What you will do: Please reproduce all the records exactly while leaving out their pictures.

(Extracted data entries)
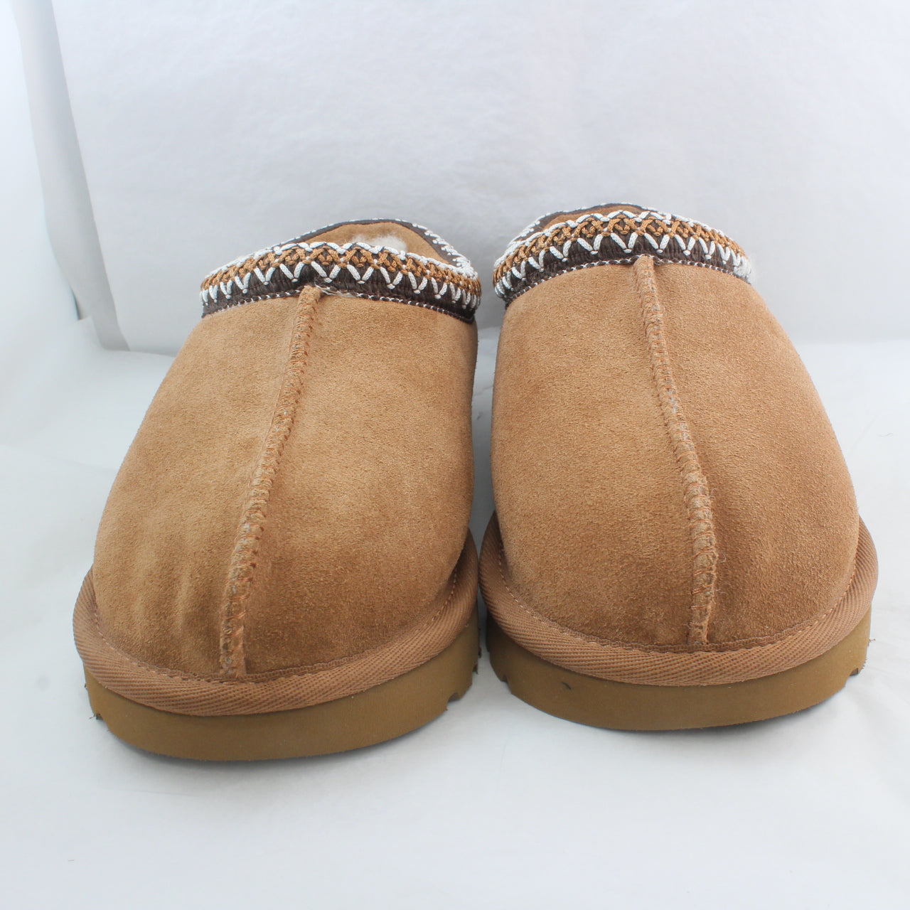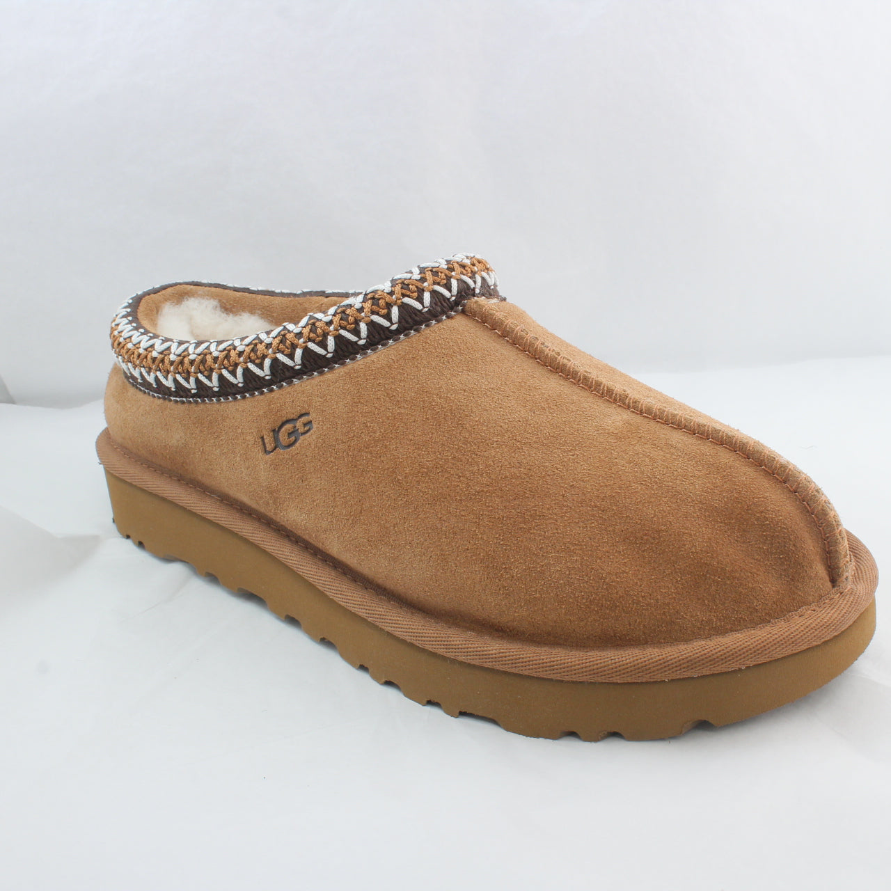 Sturdy, comfortable quality slip on silhouette featuring the same durable outsole as the iconic UGG Classic Boot. Crafted with velvety suede, plush natural wool and an embroidered braided detailing. Classic chestnut colourway
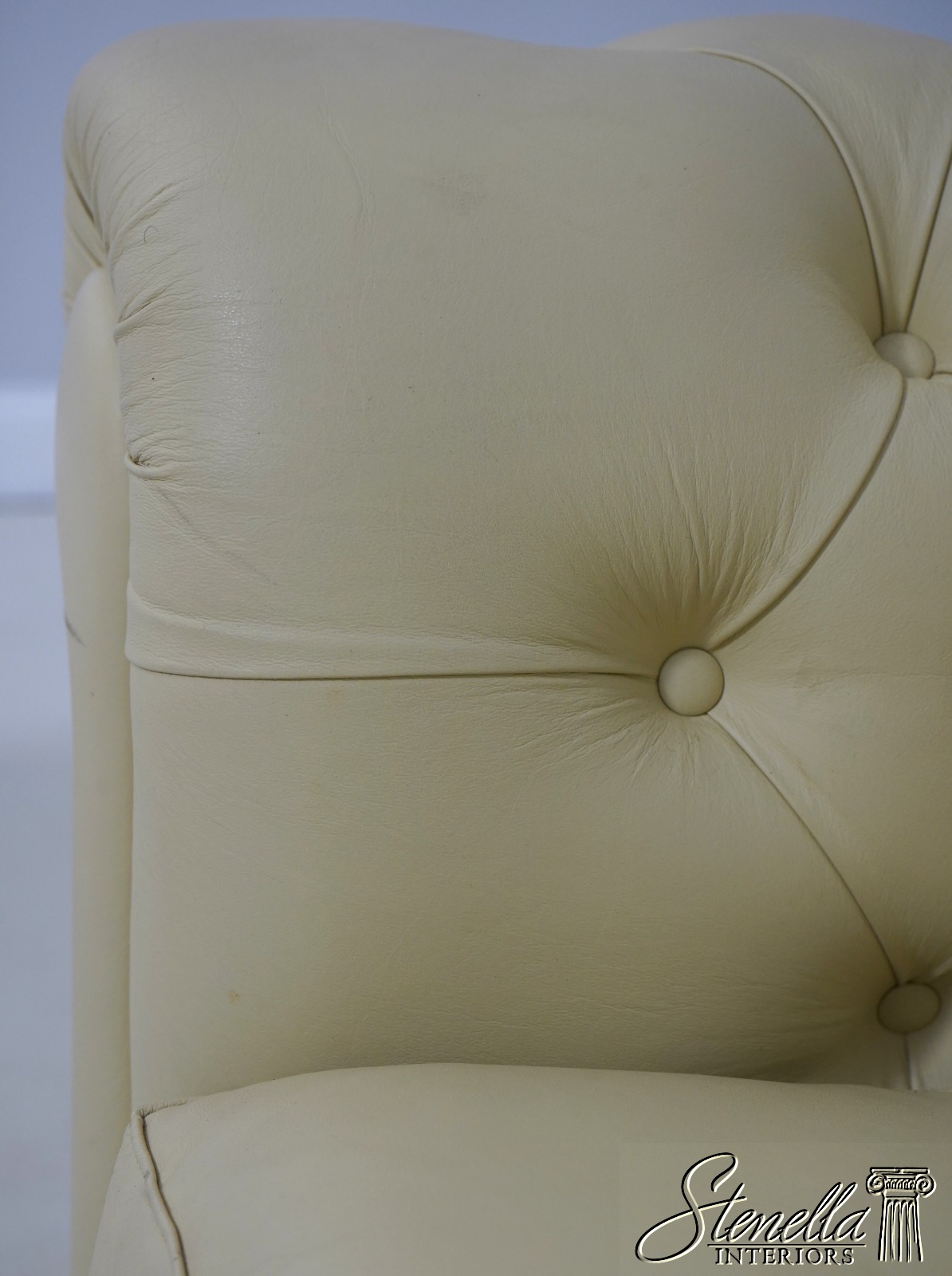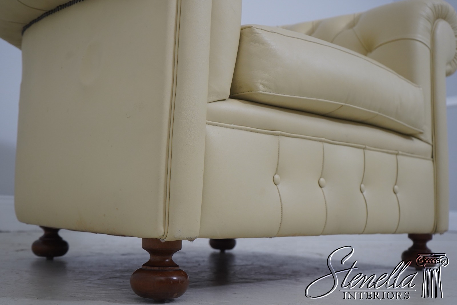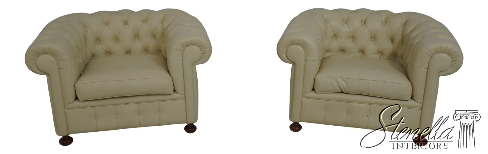 L71181: Pair Creme Color Leather Chesterfield Chairs
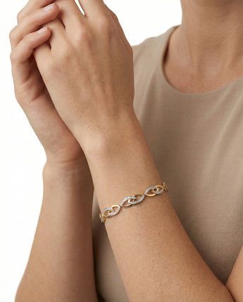 Model: Armbånd i 14K guld og hvidguld med diamanter (0.05 ct), 18.5 cm
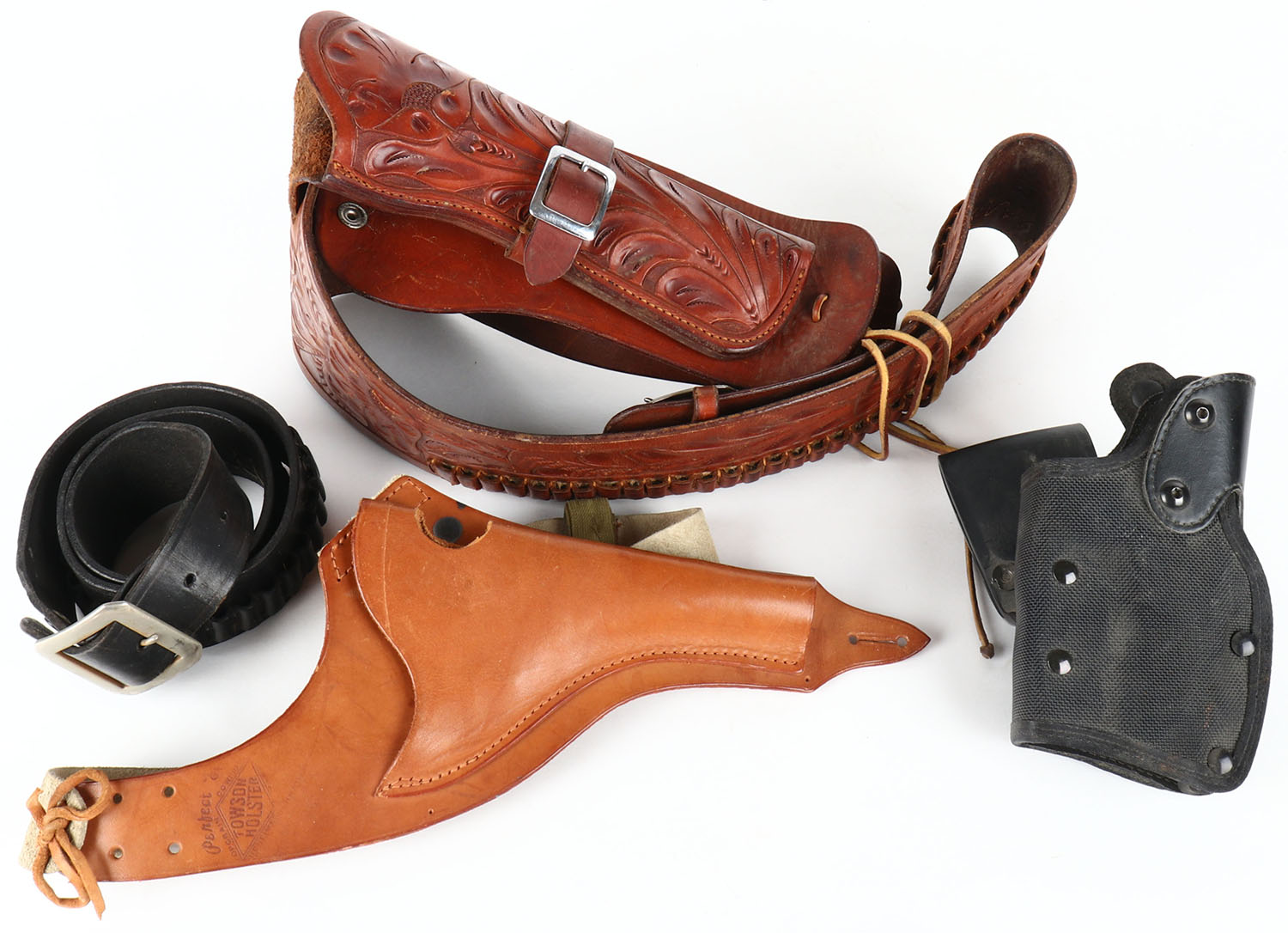 Lot of leather holsers and belts. Grade: Excellent - Value: 30 to 90
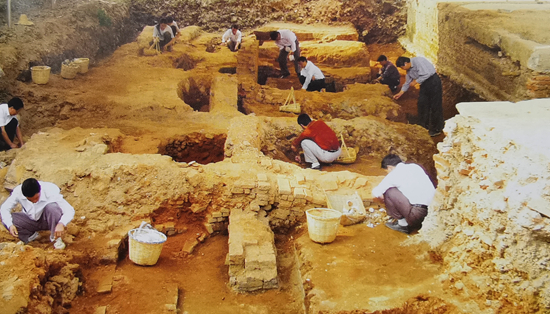 1994年7月27日,在龙珠阁附近的一处民房改建工地上,考古专家又发现了明朝初年釉里红花卉大碗的碎片。这次发现最终确定了古御窑厂的中心,正是处于龙珠阁至市政府大院这片总面积约5.1万平方米的区域内。2000年10月,经国家文物局批准,由中国考古研究所和景德镇陶瓷馆的专家共同组成御窑考古工作队,开始对珠山御窑遗址展开全面的保护和发掘工作。

Exercise solution:
 Sturdy, comfortable quality slip on silhouette featuring the same durable outsole as the iconic UGG Classic Boot. Crafted with velvety suede, plush natural wool and an embroidered braided detailing. Classic chestnut colourway
 L71181: Pair Creme Color Leather Chesterfield Chairs
 Model: Armbånd i 14K guld og hvidguld med diamanter (0.05 ct), 18.5 cm
 Lot of leather holsers and belts. Grade: Excellent - Value: 30 to 90
 1994年7月27日,在龙珠阁附近的一处民房改建工地上,考古专家又发现了明朝初年釉里红花卉大碗的碎片。这次发现最终确定了古御窑厂的中心,正是处于龙珠阁至市政府大院这片总面积约5.1万平方米的区域内。2000年10月,经国家文物局批准,由中国考古研究所和景德镇陶瓷馆的专家共同组成御窑考古工作队,开始对珠山御窑遗址展开全面的保护和发掘工作。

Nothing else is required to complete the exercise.